When searching for literary references for birthday cake, Google was somewhat a failure in producing anything truly useful. Although there was a Wiki question asking what color Bella's Birthday cake was in New Moon (It was pink.) And I did find this quote: “Birthdays are nature's way of telling us to eat more cake.” So go eat cake. (BTW, cake wasn't referring to cake when Marie Antoinette suggested that the peasants go eat cake. The actual word was brioche not gateau. Brioche was a savory bread made with eggs and milk rather than starter and water. Both, though, require flour, which the bakers had none of, but Marie did not know this and thought one was just a substitute for the other. And it is also doubtful that Marie Antoinette actually uttered the words.)


This is my favorite recipe for a good basic yellow cake:

Ingredients:
1 cup butter
2-1/2 cups white sugar
3 eggs
1-1/2 teaspoons vanilla extract
2-1/2 cups buttermilk
3-3/4 cups all-purpose flour
2-1/4 teaspoons baking powder
2-1/2 teaspoons baking soda

Bring the butter, eggs and buttermilk to room temperature!

Grease three 8" or 9" pans. I like to sprinkle mine with a little flour as well. Preheat your oven to 350°F. Using a mixer, cream your butter and sugar together until it is soft. Next add in your eggs one at a time and beat this for a good 5 minutes. You want a nice light fluffy cake. Add your vanilla and buttermilk (if you don't have buttermilk you can substitute regular milk, but add a dollop of Greek yogurt or sour cream to add just a pinch of tartness to it which will work well with the amount of sugar that is in this cake).

While your wet ingredients are beating away, sift together your flour, baking powder and soda. You do not need salt because everything you need is in your powder and soda. Trust me. It will be fine. Slowly add your dry ingredients to your wet ingredients, scraping the bowl as you go. Let it mix for just a few more minutes. Evenly divide the batter into your three prepared pans and bake for 35 minutes or until it tests clean.

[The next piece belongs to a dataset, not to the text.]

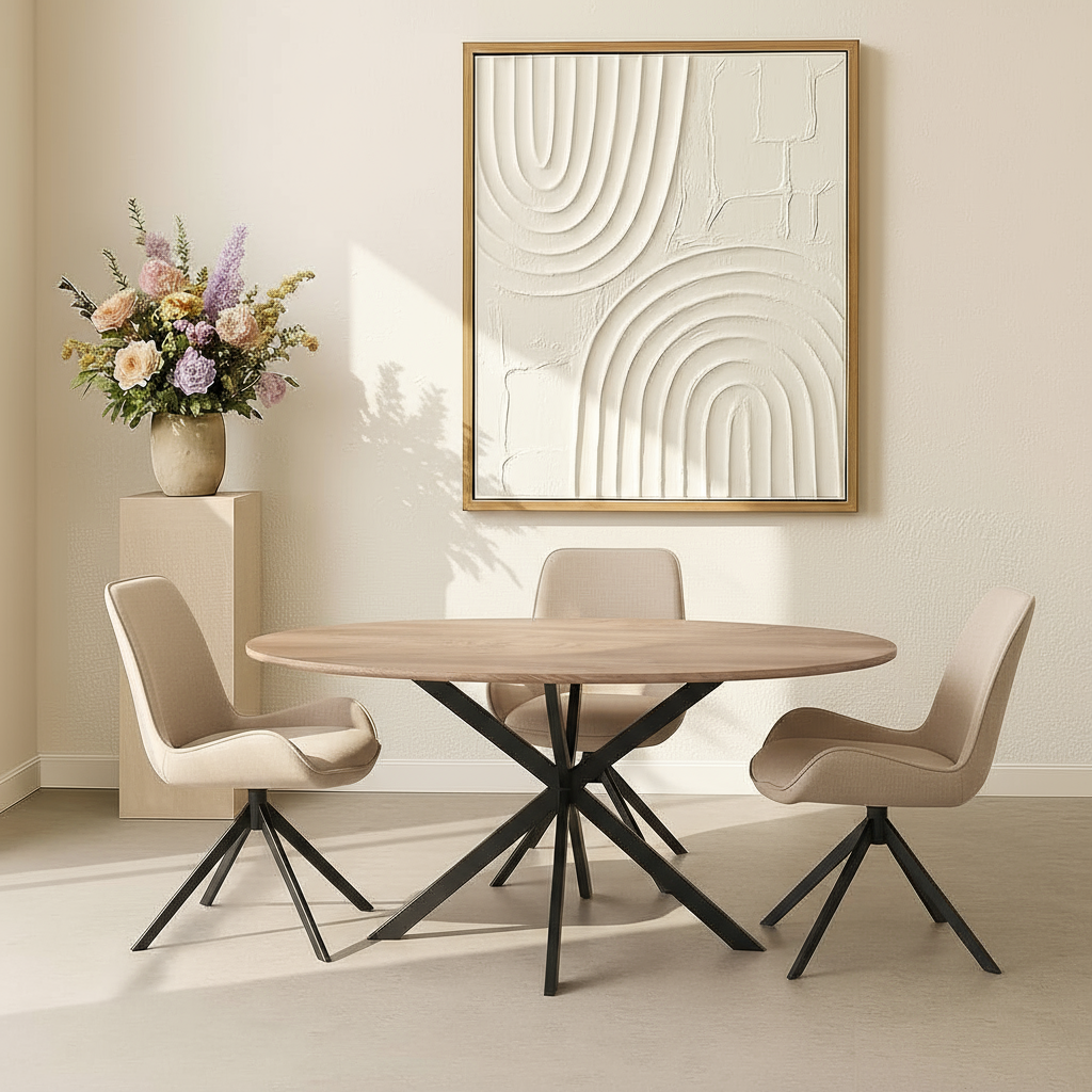Een MDF eettafel is stijlvol, lichtgewicht en eenvoudig te verplaatsen. Het oppervlak is onderhoudsvriendelijk en blijft het mooist met een zachte, vochtige doek. Ideaal voor dagelijks gebruik en perfect passend in diverse interieurstijlen!

Remove them from the oven and let them sit for 5 minutes before removing them from the pans and letting them cool on racks.

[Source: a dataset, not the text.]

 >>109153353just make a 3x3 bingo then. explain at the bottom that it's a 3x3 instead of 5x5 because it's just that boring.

Sometimes I like to add a bit of orange or lemon zest to this recipe just because it is so darn good. In those instances I will sometimes bake this as a loaf and slice it, toast it and put butter on it. No frosting needed. But most of the time I put frosting on it.

What kind of frosting you ask? OK, here's my favorite recipe for that: Go to the store, look for the tub that reads, "Duncan Hines Milk Chocolate." Spread liberally. But when I do make my frosting from scratch this is what I use:

1/4 cup butter
2 cups confectioners' sugar
3 tablespoons cocoa powder
1 teaspoon vanilla extract
2 tablespoons milk

It's pretty easy and fairly foolproof. Just mix the first four ingredients adding the 2 tablespoons of milk a bit at a time until it is spreadable. It's simple, basic and so delicious on cake.